#### [WHAT YOU SHOULD DO]
Output, word for word, the line that contains "- Add the peanut" and all lines following it to the end of the listing. Drop the pictures.

-------- DATA TO USE

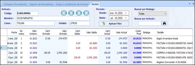 Figura 4. Valuación de inventarios sistema de control promedio ponderado.
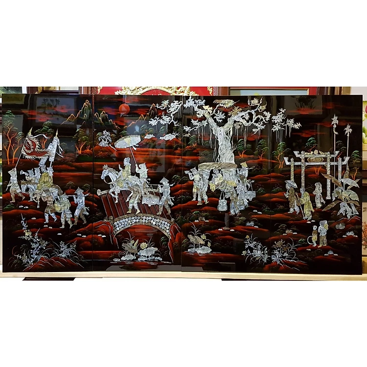 TRANH SƠN MÀI KHẢM TRAI, CẨN ỐC - VINH QUY BÁI TỔ
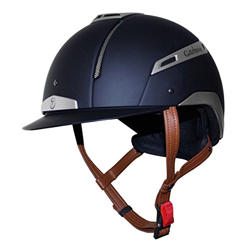 This stunning Italian designed fibre glass helmet is the latest addition to the Gatehouse Range. It conforms to PAS 015 2011, VG1 01.040 2014-12, ASTM F 1163-13, ensuring you meet all current competition requirements. The Volaré also carries the BSI Kitemark to PAS 015. It features 9 points of external ventilation, a four point harness and removable and washable internal padding. Available in Navy/Silver & Black/Silver.
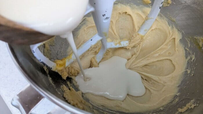 - Add the peanut butter and mix until just incorporated. Do not overmix.
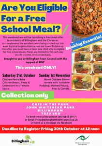 This weekend we will be launching a free meal offer to residents of Billingham and the Clarences to complement the excellent work being carried out this week by local organisations across our town. To take up this offer, you must have at least one child who is eligible for free school meals. Places are limited to 150 each day on a first-come, first-served basis.

----------------

#### [OUTPUT OF THE TASK]
 - Add the peanut butter and mix until just incorporated. Do not overmix.
 This weekend we will be launching a free meal offer to residents of Billingham and the Clarences to complement the excellent work being carried out this week by local organisations across our town. To take up this offer, you must have at least one child who is eligible for free school meals. Places are limited to 150 each day on a first-come, first-served basis.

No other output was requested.